Force exerted by object-1 on object-2 equals the force exerted by object-2 on object-1. The gravitational force exerted by the planet on the start is the same force exerted on the planet by the star.

Thus the value of force will be$1.80\times {10}^{21}\text{\hspace{0.33em}N}$ .

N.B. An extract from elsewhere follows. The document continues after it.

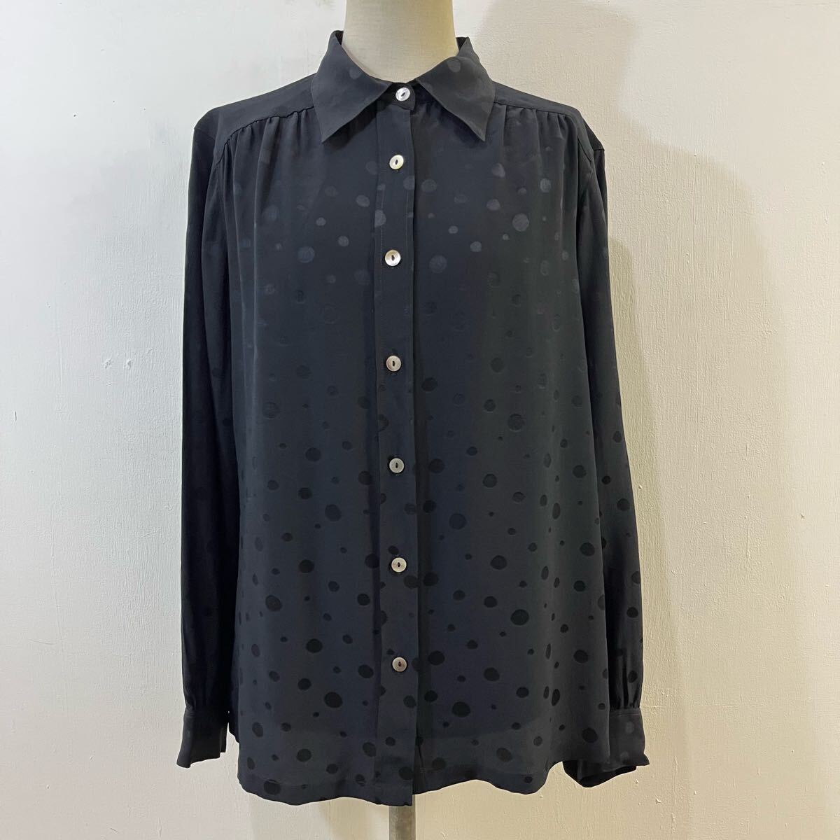 - VINTAGE MIMMO MODA シルクシャツ シルクブラウス ギャザーデザイン 水玉柄 総柄 黒 ブラック 絹100% 希少【レターパックプラス郵送可】D

Gravitational force can be calculated as:

$\overrightarrow{F}=G\frac{m_P\times m_S}{{\left|{\overrightarrow{R}}_{SP}\right|}^2}{\widehat{R}}_{SP}$

Substituting the values in the above expression, and we get,

$\begin{array}{c}\overrightarrow{F}=1.80\times {10}^{21}\text{\hspace{0.33em}N}\times \left(-0.813,0.5810,0\right)\\ =\left(-1.495\times {10}^{21},1.0458\times {10}^{21},0\right)\text{\hspace{0.33em}N}\end{array}$

Thus the value of force(vector) will be $\left(-1.495\times {10}^{21},1.0458\times {10}^{21},0\right)\text{\hspace{0.33em}N}$

${\overrightarrow{R}}_{PS}={\overrightarrow{R}}_P-{\overrightarrow{R}}_S$

Substituting the values in the above expression, and we get,

$\begin{array}{c}{\overrightarrow{R}}_{PS}=\left(5\times {10}^{11},-2\times {10}^{11},0\right)\text{\hspace{0.33em}m}-\left(-2\times {10}^{11},3\times {10}^{11},0\right)\text{\hspace{0.33em}m}\\ =\left(7\times {10}^{11},-5\times {10}^{11},0\right)\text{\hspace{0.33em}m}\end{array}$

$\begin{array}{c}{\overrightarrow{R}}_{PS}=\left(7\times {10}^{11},-5\times {10}^{11},0\right)\text{\hspace{0.33em}m}\\ \left|\overrightarrow{R_{PS}}\right|=\sqrt{{\left(7\times {10}^{11}\right)}^2+{\left(-5\times {10}^{11}\right)}^2+0}\\ =8.605\times {10}^{11}\text{\hspace{0.33em}m}\end{array}$

${\widehat{R}}_{PS}=\frac{{\overrightarrow{R}}_{PS}}{\left|{\overrightarrow{R}}_{PS}\right|}$

Substituting the values in the above expression, and we get,

$\begin{array}{c}{\widehat{R}}_{PS}=\frac{\left(7\times {10}^{11},-5\times {10}^{11},0\right)\text{\hspace{0.33em}m}}{8.605\times {10}^{11}\text{\hspace{0.33em}m}}\\ =\left(0.813,-0.5810,0\right)\end{array}$

$\overrightarrow{F}=G\frac{m_S\times m_P}{{\left|{\overrightarrow{R}}_{PS}\right|}^2}{\widehat{R}}_{PS}$

Substituting the values in the above expression, and we get,

$\begin{array}{c}\overrightarrow{F}=1.80\times {10}^{21}\text{\hspace{0.33em}N}\times \left(0.813,-0.5810,0\right)\\ =\left(1.495\times {10}^{21},-1.0458\times {10}^{21},0\right)\text{\hspace{0.33em}N}\end{array}$

Thus the value of force (vector) will be$\left(1.495\times {10}^{21},-1.0458\times {10}^{21},0\right)\text{\hspace{0.33em}N}$.